ViTPose: Simple Vision Transformer Baselines for Human Pose Estimation (2204.12484v3)

Abstract: Although no specific domain knowledge is considered in the design, plain vision transformers have shown excellent performance in visual recognition tasks. However, little effort has been made to reveal the potential of such simple structures for pose estimation tasks. In this paper, we show the surprisingly good capabilities of plain vision transformers for pose estimation from various aspects, namely simplicity in model structure, scalability in model size, flexibility in training paradigm, and transferability of knowledge between models, through a simple baseline model called ViTPose. Specifically, ViTPose employs plain and non-hierarchical vision transformers as backbones to extract features for a given person instance and a lightweight decoder for pose estimation. It can be scaled up from 100M to 1B parameters by taking the advantages of the scalable model capacity and high parallelism of transformers, setting a new Pareto front between throughput and performance. Besides, ViTPose is very flexible regarding the attention type, input resolution, pre-training and finetuning strategy, as well as dealing with multiple pose tasks. We also empirically demonstrate that the knowledge of large ViTPose models can be easily transferred to small ones via a simple knowledge token. Experimental results show that our basic ViTPose model outperforms representative methods on the challenging MS COCO Keypoint Detection benchmark, while the largest model sets a new state-of-the-art. The code and models are available at https://github.com/ViTAE-Transformer/ViTPose.

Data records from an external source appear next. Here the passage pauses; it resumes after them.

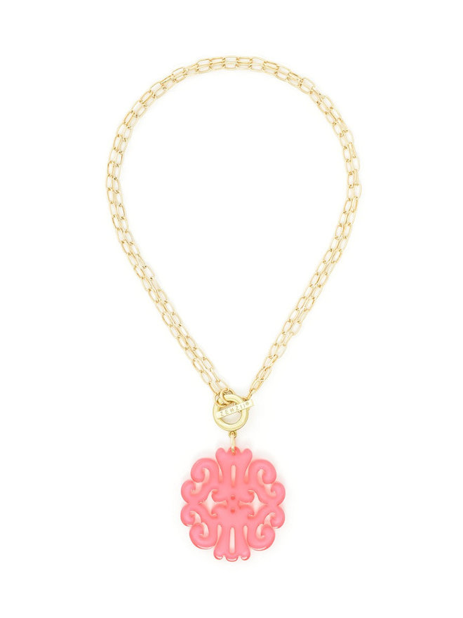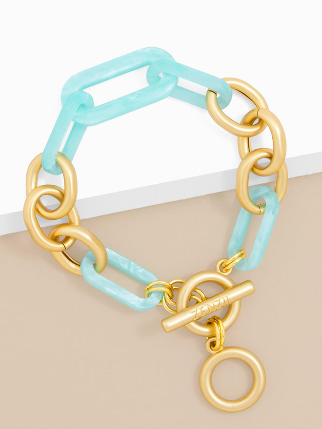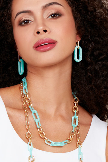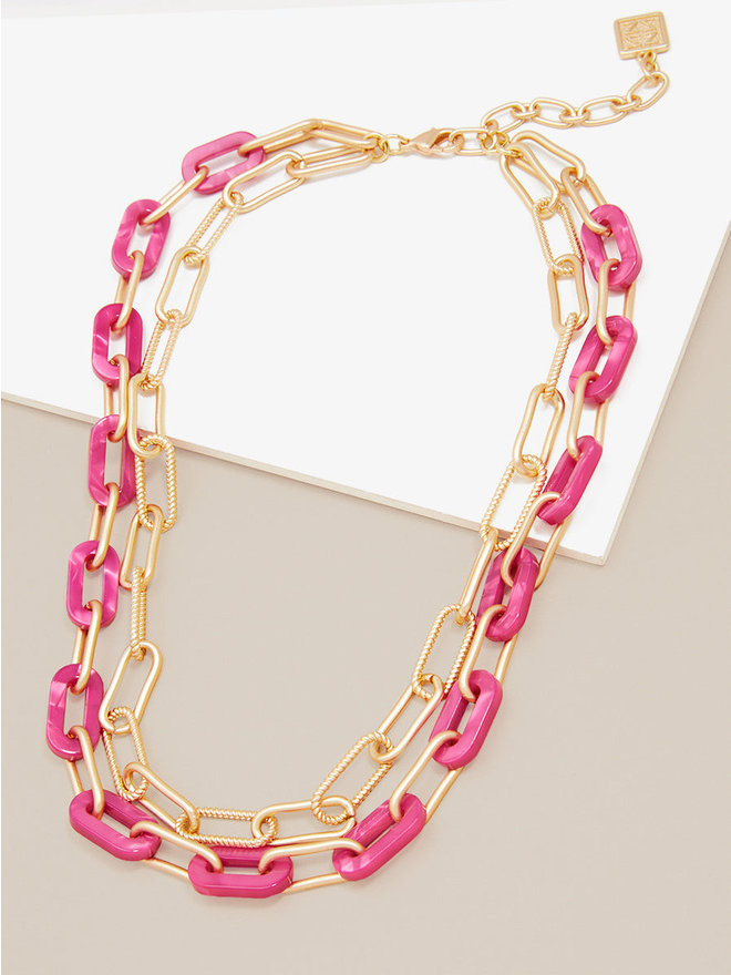 Circular Wave Resin Pendant Double Link Chain Necklace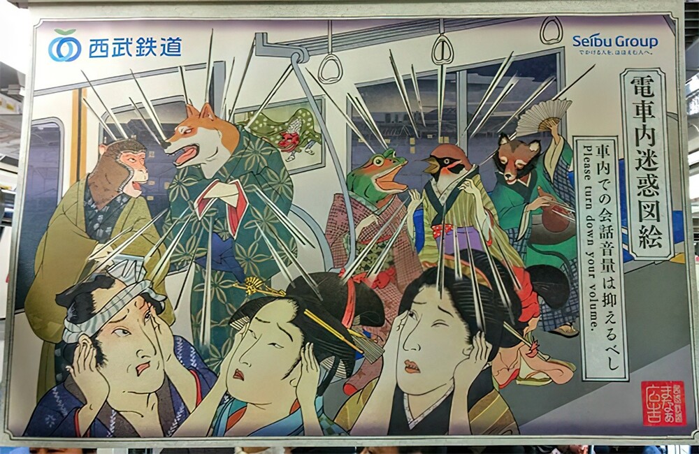 21. And a little bit about railway etiquette in Japan: the poster "Please speak more quietly"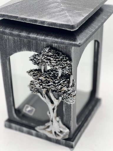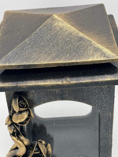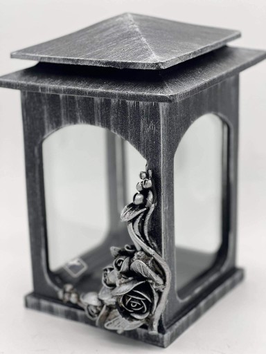 Masywny znicz wykonany z żywicy epoksydowej, znicz w kształcie prostokąta z wklejonymi szybami przezroczystymi. Znicz wykonany estetycznie i solidnie. Znicz jest ciężki waży około 3 kg. Zmieści się w zniczu wkład wysokości około 17 cm.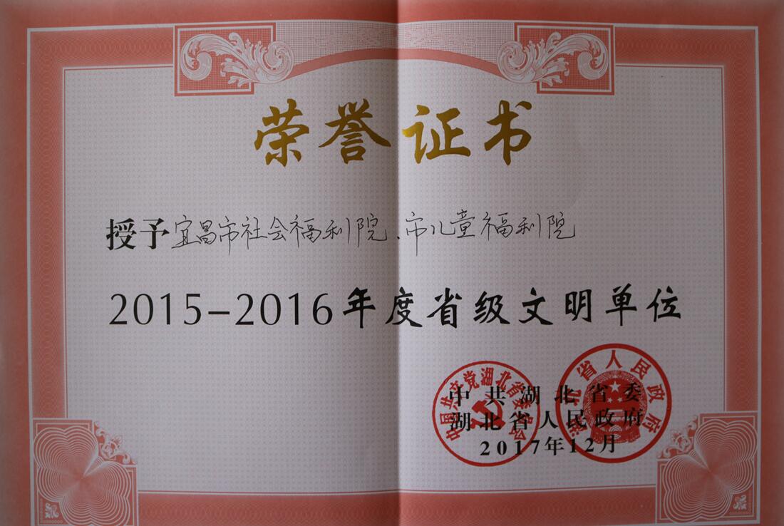 宜昌市社会福利院荣获“2015-2016年度省级文明单位”称号

• The paper introduces ViTPose, a novel method using plain vision transformers for human pose estimation without domain-specific modifications.
• It leverages a scalable architecture that adapts from 100M to 1B parameters, achieving competitive performance with simplified design.
• The approach demonstrates effective transfer learning through a learnable knowledge token, reducing training data needs and enhancing model efficiency.

ViTPose: Simple Vision Transformer Baselines for Human Pose Estimation

The paper presents ViTPose, a novel approach utilizing plain vision transformers for human pose estimation tasks. This work explores the capabilities of vision transformers without domain-specific architectural adjustments. The authors introduce ViTPose, leveraging non-hierarchical vision transformers as backbones, paired with a streamlined and efficient decoder for pose estimation.

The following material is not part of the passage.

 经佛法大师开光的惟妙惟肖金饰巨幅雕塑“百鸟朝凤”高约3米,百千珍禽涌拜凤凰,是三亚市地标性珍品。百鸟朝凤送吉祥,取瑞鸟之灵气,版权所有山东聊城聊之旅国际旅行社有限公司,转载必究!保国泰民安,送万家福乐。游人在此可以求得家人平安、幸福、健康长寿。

The ViTPose model demonstrates several noteworthy attributes: simplicity, scalability, flexibility, and transferability. By employing plain vision transformers, the structural complexity is significantly reduced, requiring minimal adjustments for effective performance. The scalability of ViTPose is evident in its capacity to adapt from 100 million to 1 billion parameters, maintaining high parallelism—a marked advantage in the trade-off between throughput and performance.

Key experimental highlights include ViTPose achieving a performance of 80.9 AP on the MS COCO test-dev set, surpassing existing benchmarks. One of the standout achievements of ViTPose is its capacity to improve smaller models by transferring knowledge from larger variants using a novel learnable knowledge token.

Experimental Insights

The paper elaborates on ViTPose's adaptability across multiple facets:

1. Pre-Training Data Flexibility: ViTPose showcases its versatility by yielding competitive results even when pre-trained on datasets considerably smaller than ImageNet, such as MS COCO.
2. Resolution and Attention Mechanism Adaptability: The model's performance improves with increased input resolution. Furthermore, it accommodates various attention mechanisms to optimize resources without sacrificing accuracy.
3. Partial Finetuning and Multi-Dataset Training: ViTPose excels in scenarios where only limited components are finetuned, demonstrating significant reductions in requisite training data and computational resources.
4. Transferability: The paper underscores the potential of using a learnable knowledge token for efficient transfer learning, a novel approach meriting further exploration.

Comparative Analysis

ViTPose's performance was evaluated against various competitive methodologies. Notably, it outperformed traditional convolutional networks and other recent transformer-based models on standard benchmarks, achieving superior results on both the MS COCO and MPII datasets without elaborate architectural changes.

Theoretical and Practical Implications

The implications of ViTPose are multi-faceted. Theoretically, it questions the necessity of domain-specific augmentations in transformer models for pose estimation. Practically, this research provides a new benchmark for simplicity combined with performance, paving the way for future scaling of vision transformer architectures across diverse visual tasks.

Future Directions

This paper opens possible avenues for research into how plain vision transformers can be further optimized for other tasks beyond pose estimation. The exploration of more advanced interaction techniques between tokens and further leveraging combined datasets could propel improvements in transformers' versatility in real-world applications.

Overall, ViTPose is poised to influence future developments in both model architecture simplicity and enhanced performance capabilities within the field of computer vision.